В глубине одного из дворов стоял скрытый от улицы четырехэтажным кирпичным домом скромный давно не крашенный флигелек, в котором помещалась какая-то железнодорожная контора. На чердаке этого флигеля и устроила свою «малину» одна из шаек.

Почти каждый вечер в «малине» появлялся Пашка Щекин.

— Ученый муж пришел, — радостно приветствовала его рыжая девица с выщипанными бровями по кличке Помидора, подруга Валентина — главаря шайки. — Тошно стало. Развей скуку, Косой, сыграй что-нибудь.

Пашка кивал, брал со стены гитару, пел:

В бананово-лимонном Сингапуре,

Когда под солнцем клонится банан,

Вы грезите весь день на желтой шкуре

Под дикий хохот обезьян.

У Пашки небольшой, но приятный тенор, хороший слух. И сам он ладненький такой мальчик, симпатяга. Хоть рисуй на рождественскую открытку. Почему Валентин назвал его Косым — никто не знает. И сам Пашка тоже. Назвал и назвал. У них в «малине» вся братва не под своими именами, а под кличками. «Ученым мужем» его зовут потому, что он один из всей компании заканчивает десятилетку.

Пашка способный. Учиться ему легко. Школу пропускает часто, уроки почти не готовит, но услышит учителя одним ухом или заглянет на перемене в учебник, и четверка, в крайнем случае тройка, обеспечена. Один раз — вот смеху было — Пашку послали на районную математическую олимпиаду. Там он решил все задачи, занял второе место и получил Почетную грамоту. Вся компания в «малине» ее рассматривала, хохотала, а потом на стену повесили. Рядом с «Бедуином на верблюде» — любимой картиной Валентина.

Мать Пашки работает на «Скороходе», пришивает на машине подошвы. Отца он помнит плохо. После гражданской войны указательный палец правой руки у отца не разгибался. Вот этим крючковатым пальцем он мыл сыну в бане уши. Было нестерпимо больно. Пашка визжал, как поросенок, рвался из отцовских рук. Но они крепко держали его, отец приговаривал: «Ты же мужик, Павел. Терпи». Однажды отец исчез. Исчез, словно сгинул. Ни разу после этого не появился, не написал письма, не прислал денег. Жили они с матерью трудно. Мать много работала, часто уходила в ночную смену. Целыми днями Пашка был один. Гонял с пацанами по улице металлический обруч, строил тачки, а потом возил на них дрова, подобранные на «Красном треугольнике» и железнодорожных путях. Иногда воровал с лотков, что плохо лежит. Дружил с долговязым Гришкой по прозвищу Пат и его братом Паташоном. Паташон подныривал под лоток, вытряхивал деньги из выдвижного ящика и передавал Пашке.

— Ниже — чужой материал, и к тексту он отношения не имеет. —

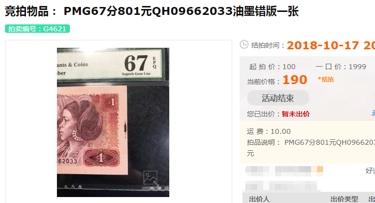 我们可以很清楚的看到,这张纸币的中间位置,有多余脏污痕迹。不少朋友看到后,可能会以为是小朋友不小心把墨水泼上去了,其实它是印制的时候,出现油墨错误导致的。评级币上也明确标注了“Ink Smear Error”。这种脏污是印钞油墨,和后天涂抹上去完全不同。 这张少见的50元纸币,就卖了3400元。值得一提的是,并不是所有油墨错误的纸币,都有这么大一块。 比如上面这张1元纸币,在右边就多了一块油墨出来,由于错误痕迹较小,所以市场价是190元。但相对面值来说,也涨了190倍。 无独有偶,还有另一张类似的油墨错误纸币,它的错误痕迹在左下方,成交价也是100多元。

Как-то раз на углу Обводного канала и улицы Розенштейна Пашку поймали и избили так, что целую неделю пришлось лежать в постели.

В 1933 году Пашка, как все, ходил в очереди за хлебом. Ему на ладони писали химическим карандашом номер. А если вместе с хлебом по талонам давали сахар или колбасу, то закатывали рукав и номера писали на всей руке.

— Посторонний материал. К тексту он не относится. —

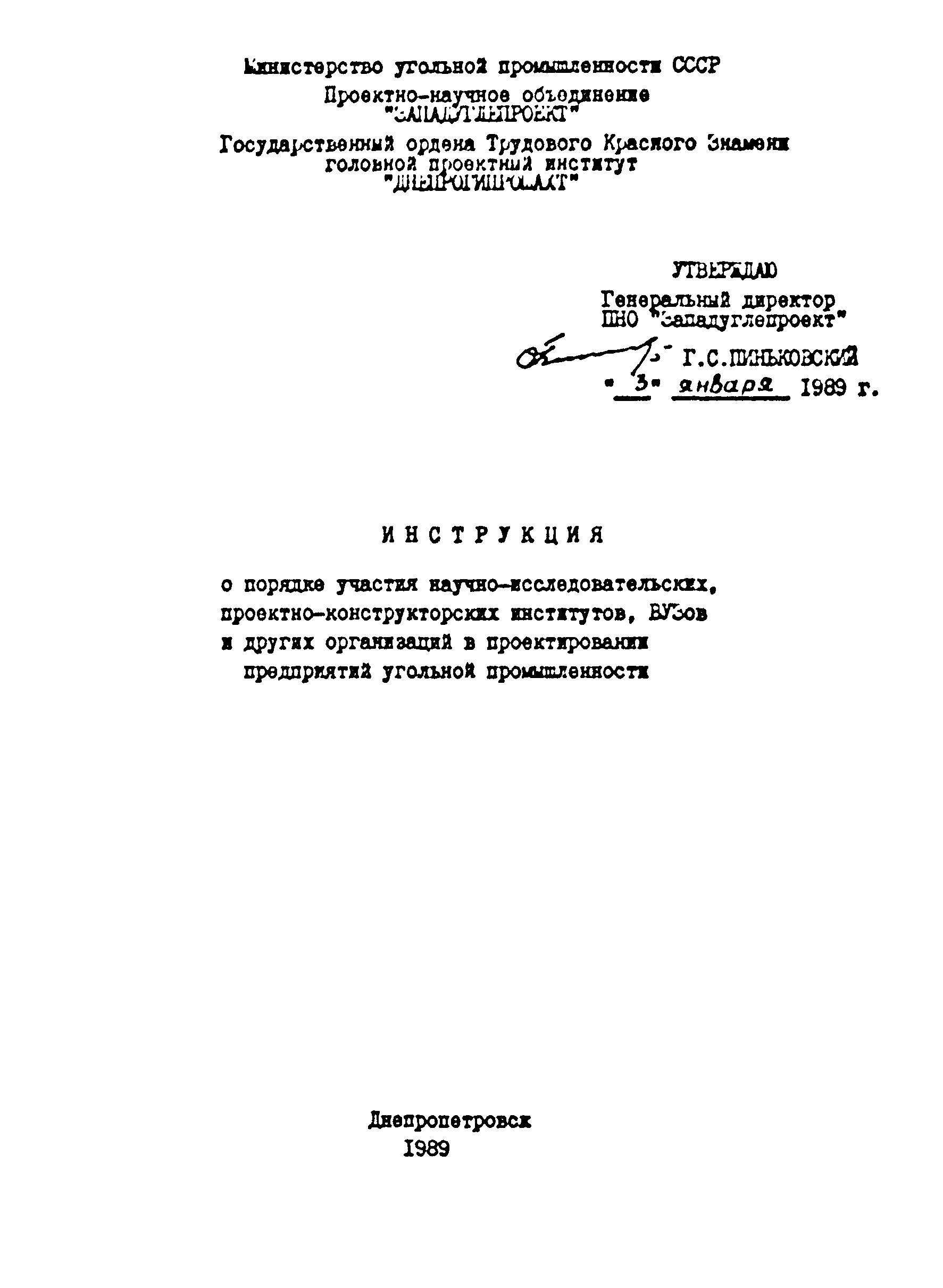 | | Утверждён: | 03.01.1989 ПНО Западуглепроект

От бесчисленных забот, неудачной семейной жизни, тяжелой работы мать сделалась сварливой, психованной. Чуть что не по ней — хватается за скалку. А когда к ним пришла учительница и сообщила, что Пашка пять дней не ходит в школу, мать весь вечер молчала, а перед сном сказала неожиданно спокойно, не повышая голоса:

— Ты знай, сынок, если учиться бросишь — повешусь. Незачем тогда будет жить.

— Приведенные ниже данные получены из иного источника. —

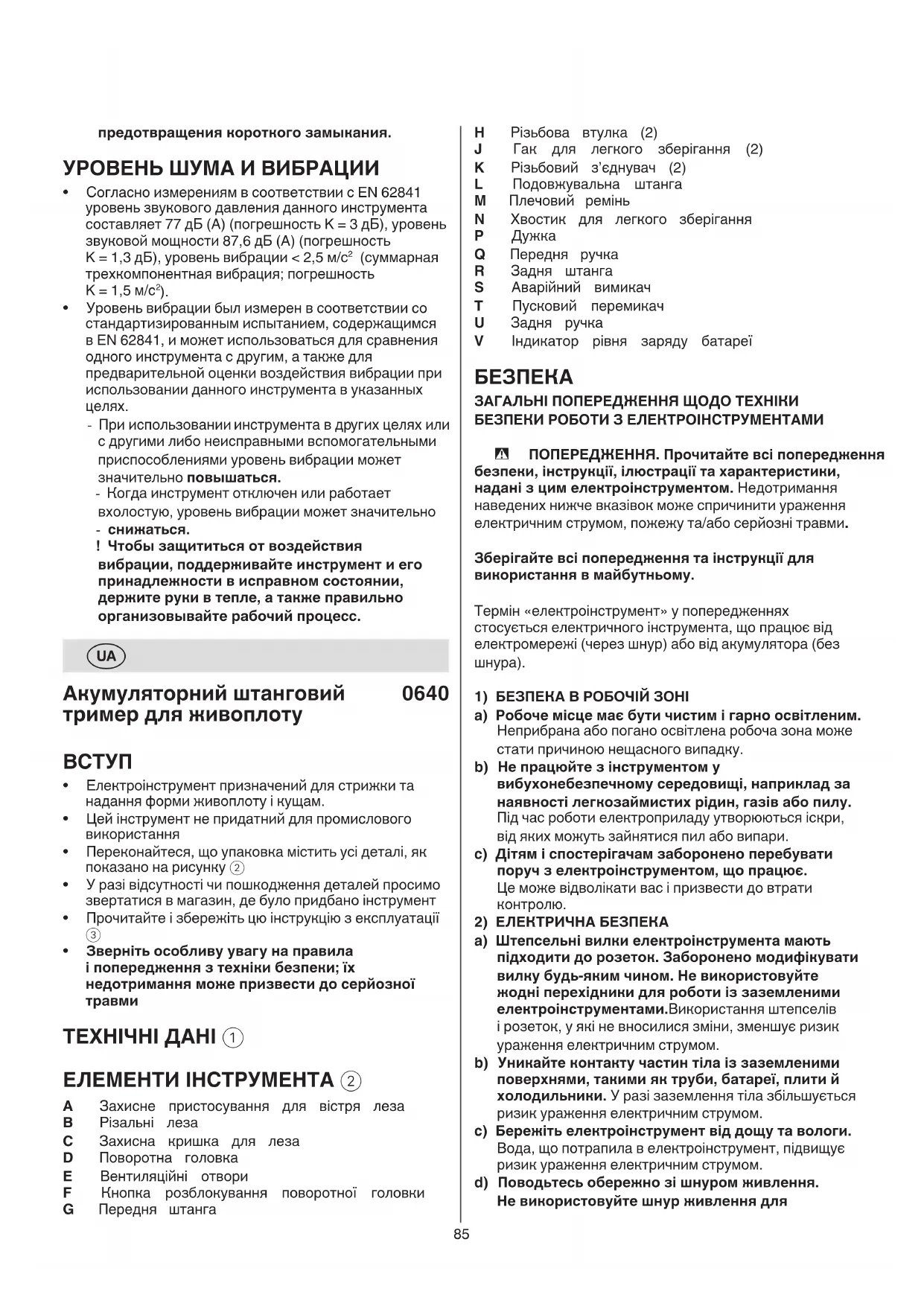 ТЕХНІЧНІ ДАНІ 1 ЕЛЕМЕНТИ ІНСТРУМЕНТА 2 A Захисне пристосування для вістря леза B Різальні леза C Захисна кришка для леза D Поворотна головка E Вентиляційні отвори F Кнопка розблокування поворотної головки G Передня штанга86 серйозну травму протягом долі секунди.

Пашка поверил. Она такая. Слов на ветер бросать не станет. Ему стало жаль мать. Подошел к ней, тронул за руку, сказал:

— Живи, мам. Не брошу школу.

Но дома все равно бывать не любил. Только войдешь в комнату, мать сразу какое-нибудь дело придумает. То вынеси, то принеси, то прибей. И в школе скукота. Одна химичка интересно рассказывает. На остальных уроках зевал, мучился, с нетерпением ждал звонка. После седьмого класса Пашка не выдержал и убежал из дома. Доехал с пересадками до Харькова. Там его встретила милиция. Сначала держали в комнате для беспризорных, выспрашивали, откуда он. Но, ничего не добившись, направили в детдом в город Змиев. Через неделю Пашка сбежал и оттуда.

Прошло лето. Холодными стали ночи. Надоело болтаться на вокзалах, мерзнуть, голодать. Тогда он вернулся в Ленинград. Вошел в квартиру невероятно грязный, завшивленный, в чирьях.

— Пашенька, сыночек мой! — вскрикнула мать. — Думала, погиб ты, под поезд попал.

А зимой 1938 года Пашка на катке познакомился с Валентином. И тот привел его в «малину».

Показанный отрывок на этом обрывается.